Manchmal steckt hinter einem trocken formulierten Vorstoss im Parlament grosse Tragik. So auch bei der Interpellation des Berner SP-Ständerats Hans Stöckli (65) mit dem Titel «Höhere Flexibilität bei der Anwendung des therapeutischen Quervergleichs».
Dabei geht es um das Schicksal von Patienten mit Cystischer Fibrose (CF). Das ist eine erbliche Lungenkrankheit, die das Atemorgan und die Bauchspeicheldrüse verschleimt und langsam zerstört. Dabei ist vor allem der Krankheitsverlauf in den Kinder- und Jugendjahren entscheidend für die Lebenserwartung.
Klar, dass jedes neue Medikament gegen CF bei den Betroffenen und ihren Familien neue Hoffnung hervorruft. Erst recht, wenn eines wie «Orkambi» auf den Markt kommt, das nicht nur die Folgen der Krankheit lindert, sondern den Defekt an den schleimproduzierenden Drüsen beheben soll.

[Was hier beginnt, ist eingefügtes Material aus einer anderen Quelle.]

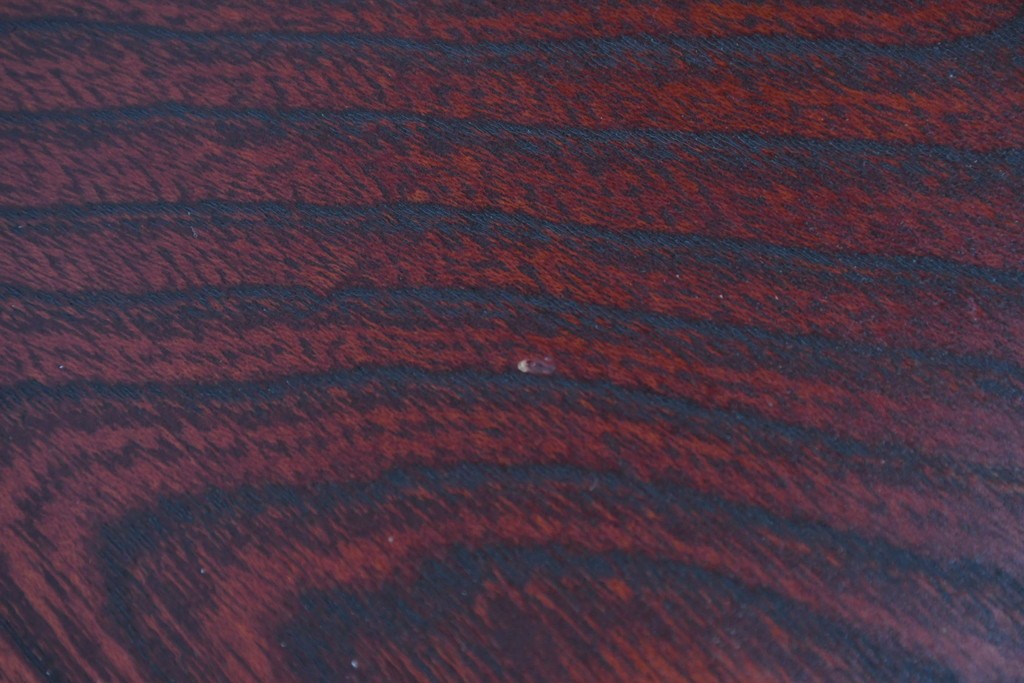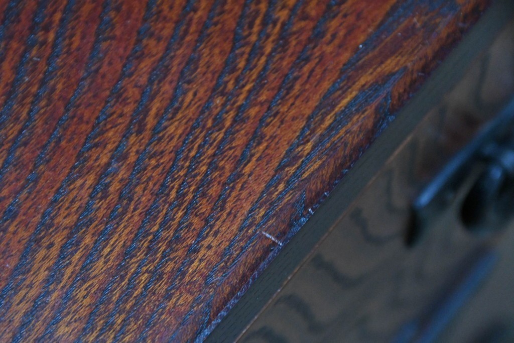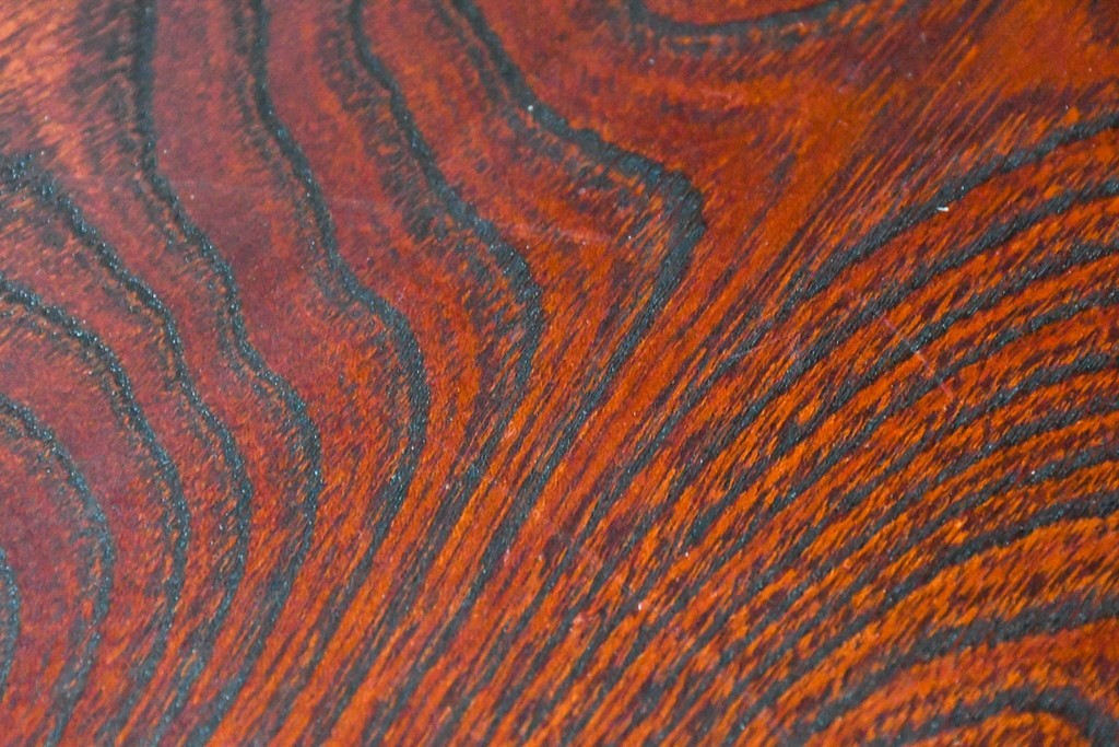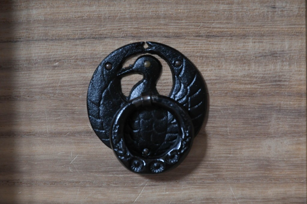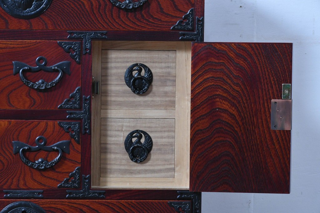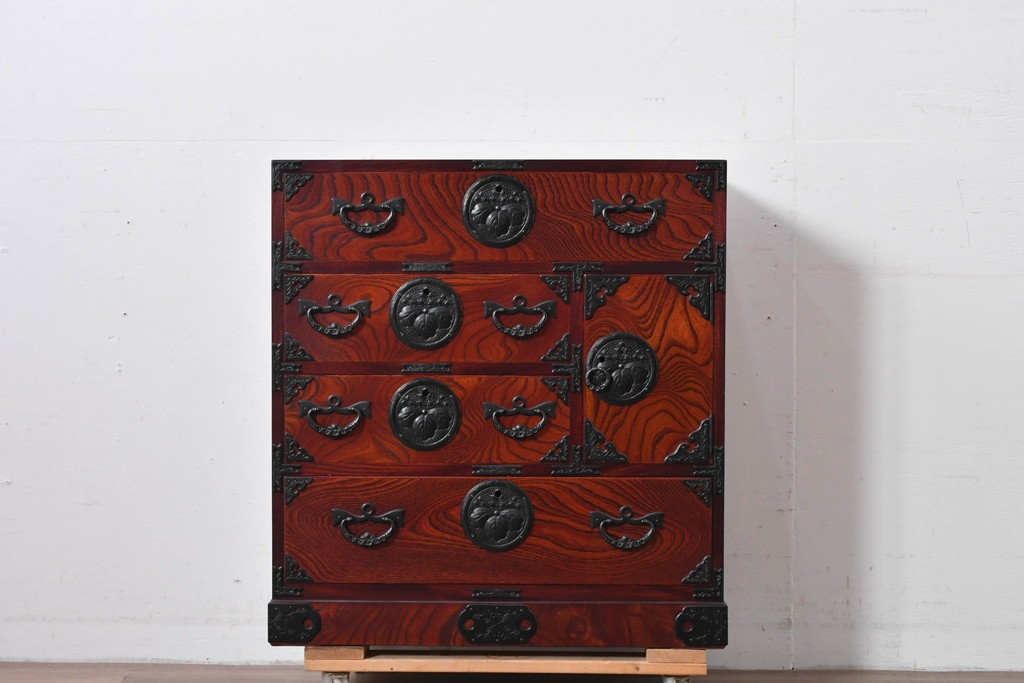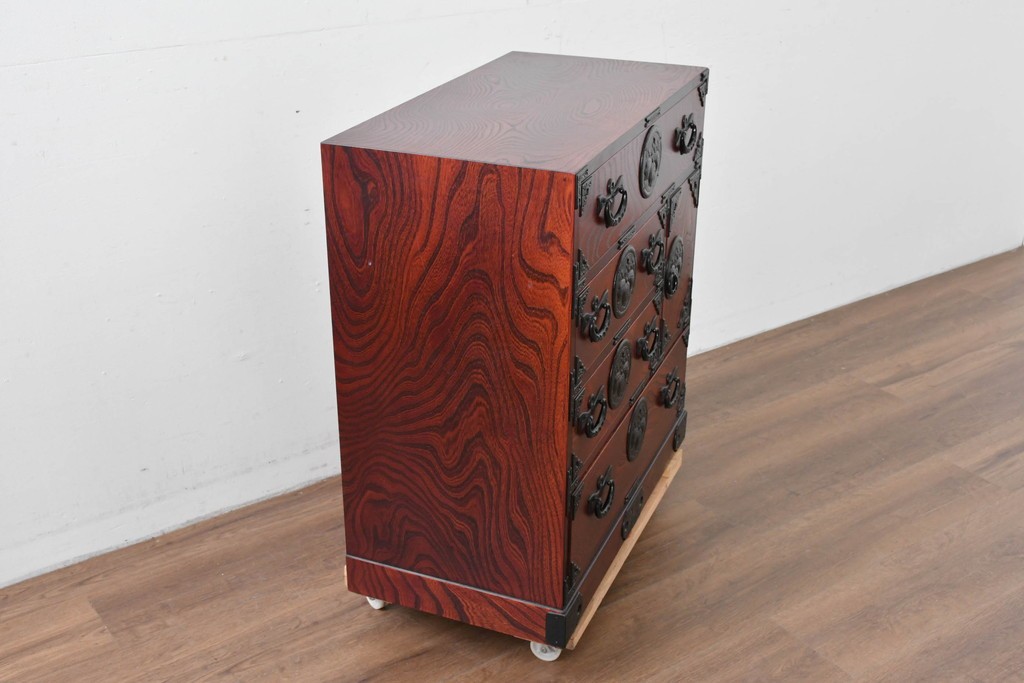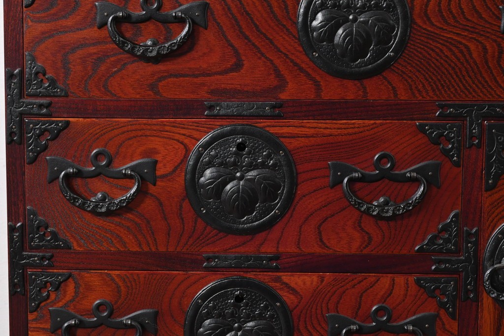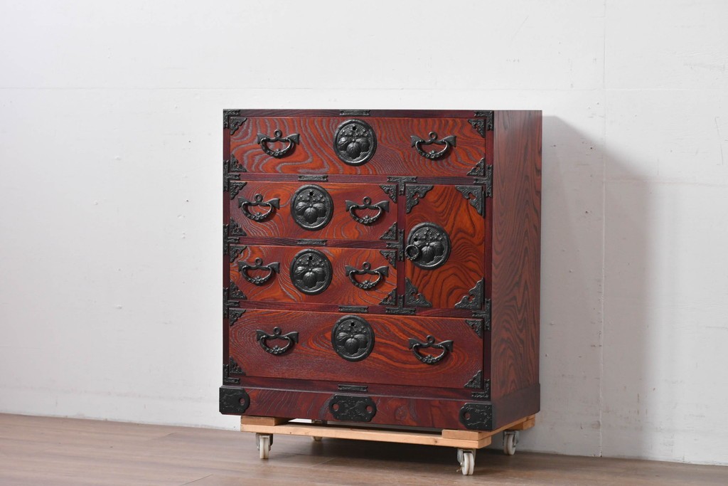 深い色味の木目が力強く浮かび上がり、前面を飾る重厚な金具と相まって存在感のある佇まいです。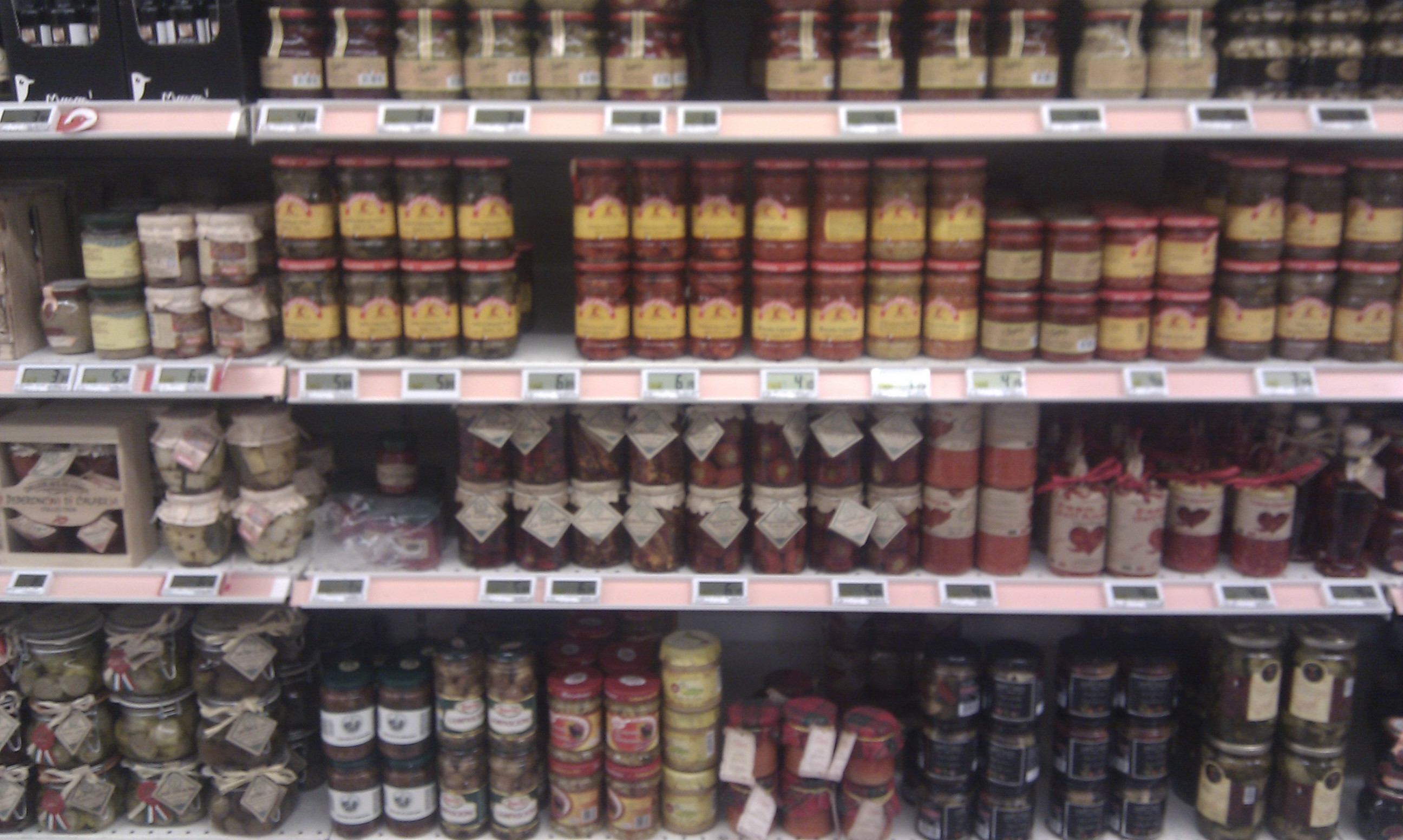 As our food supplies have starting to dwindle, my curiosity about the contents of Italian supermarkets has come back. We spent two hours today in a huge Auchan, wandering the isles and choosing an array of delicacies, cheap lager, bread, fresh vegetables and even a couple of bottles of local red. That’s right, we bought wine in bottles. Seven months of drinking the absolute cheapest wine we could find (including some donkey-wee stuff we got in Morocco) have set our wine-tasting baseline. Anything costing more than ‘fillthy cheap’ is going to taste like nectar, and it does.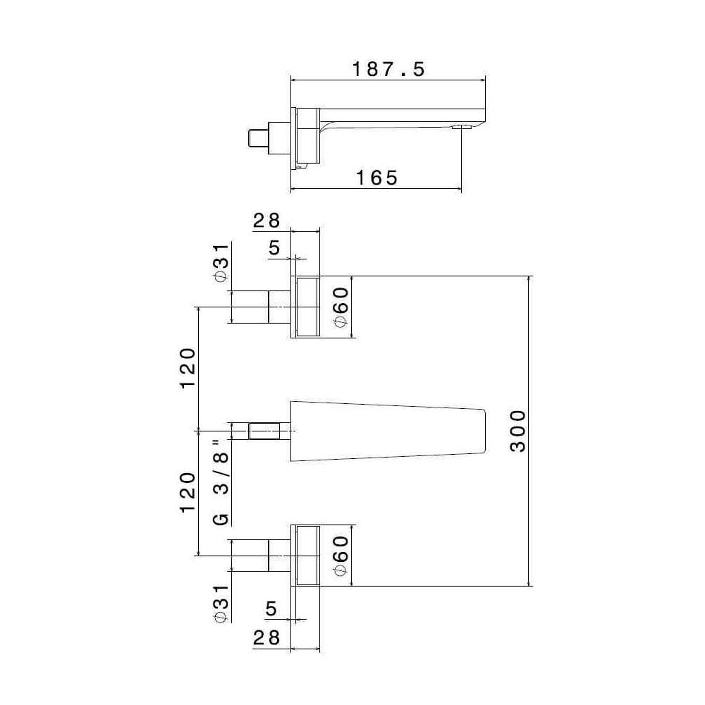Bateria umywalkowa ścienna 3-otworowa, bez odpływu Newform Park Limited Edition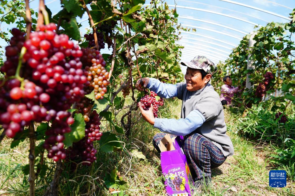 9月24日,在惠民縣胡集鎮惠臺葡萄專業合作社,村民在采摘葡萄。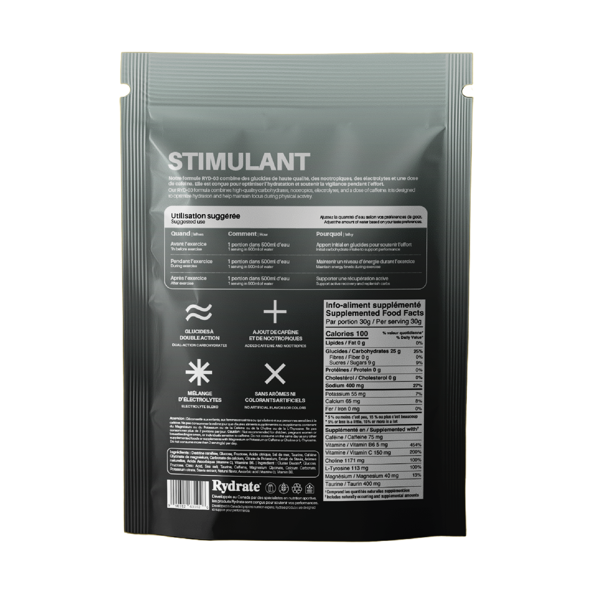 « En pre-workout, RYD-03 remplace les pics rapides par un boost contrôlé. La caféine et les glucides aident à avoir une bonne énergie. »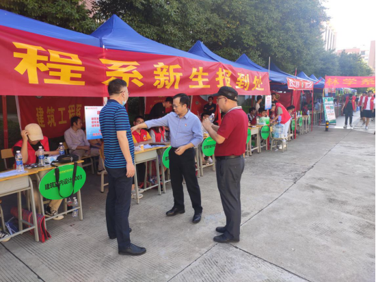 本网讯 10月10日,我系迎新工作如火如荼的进行,院纪检书记林建斌、副院长谢金生深入建筑工程系迎新一线指导检查工作,并看望2020级新生、家长及一线迎新工作者。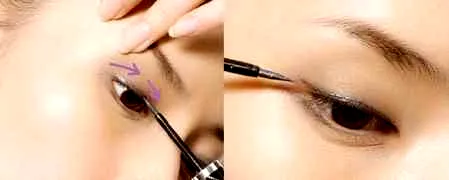 步骤3:画眼线时,可以用手往上拉住眼皮,按照“从眼尾到中部,从中部到内眼角”的顺序分两步画上眼线,避免眼线画得不好。最后,想要更加凸显专业形象味道的MM可以试试稍微将眼线往上挑,但不要超过5mm,这样可以使眼睛更显分明。

Bundesrat lehnt neues Medikament als zu teuer ab
Orkambi hat aber auch einen Nachteil, und deshalb ist es ein Politikum: Das in der Schweiz bereits zugelassene Medikament kostet bis zu 200'000 Franken pro Patient. Kosten, die einige wenige Krankenkassen zwar übernehmen, nicht aber die Invalidenversicherung. Für die IV müsste Orkambi auf der Spezialitätenliste stehen, die das Bundesamt für Gesundheit (BAG) festlegt.
Doch das verweigert der Bundesrat – mit Verweis auf das Kosten-Nutzen-Verhältnis. Das Medikament zeige nicht bei allen Patienten Wirkung.
Hans Stöckli gibt nicht so schnell auf und hakt daher heute Donnerstag im Ständerat nochmals nach. Der Berner will vom Bundesrat wissen, wie er sicherstellt, dass CF-Patienten auch in der Schweiz «raschen und rechtsgleichen Zugang zu überlebensnotwendigen Therapien erhalten». Und wie er insbesondere den betroffenen Kindern helfen will.
Comedian Stefan Büsser erhält «Orkambi» und setzt sich dafür ein
Stöckli erhält dabei prominente Unterstützung von einem der erfolgreichsten Comedians der Schweiz! Stefan Büsser (33) kam mit der Erbkrankheit Cystische Fibrose zur Welt und hat das grosse Glück, dass ihm seine Krankenkasse im Rahmen eines Therapieprojekts Orkambi teilweise bezahlt. Der Rest übernimmt der Hersteller.
Büsser ist über den Entscheid erbost und besorgt zugleich. Die IV, die für Kinder und Jugendliche mit Geburtsschäden zuständig ist, bezahle aufgrund der Zurückhaltung des BAG das Medikament nicht. «Sie setzt damit Kinder dem Risiko eines schnelleren Erstickungstodes aus, das ist für mich unhaltbar.»
Er wirft dem BAG kurzfristiges Denken vor: «Mit der Verzögerung sparen sie jetzt ein paar Millionen bei der IV, die sie aber später, wenn wegen der fehlenden Behandlung die Symptome, Spitalaufenthalte oder gar Lungentransplantationen zunehmen, ausgeben. Hier wird ein perverses Spiel mit der Zeit gespielt, auf dem Rücken von kranken Kindern.»
Von der Wirksamkeit des Medikaments ist Büsser überzeugt. «Mir geht es so gut wie noch nie. Ich kann mehr als 100 Prozent arbeiten, stehe auf der Bühne und hatte dieses Jahr noch keine ambulante Antibiotika-Behandlung nötig. Ich kann mich nicht erinnern, wann das das letzte Mal der Fall war.» Das habe auch Unmengen an Kosten gespart.
Rund 300 weitere Patienten könnten profitieren
Die Nebenwirkungen verschweigt der beliebte Comedian nicht: «Tatsächlich hatte mein Körper anfangs Mühe, mittlerweile arbeitet er sehr gut mit dem Medikament, und ich möchte es nicht missen.»
Neben Büsser könnten aktuell rund 300 weitere Personen von dieser neuen Therapie profitieren. Am CF-Zentrum des Universitätsspitals Zürich werden seit 2016 Cystische-Fibrose-Patienten mit einer fortgeschrittenen Lungenerkrankung mit dem Medikament behandelt. Die Wirkung und mögliche Nebenwirkungen werden engmaschig überwacht.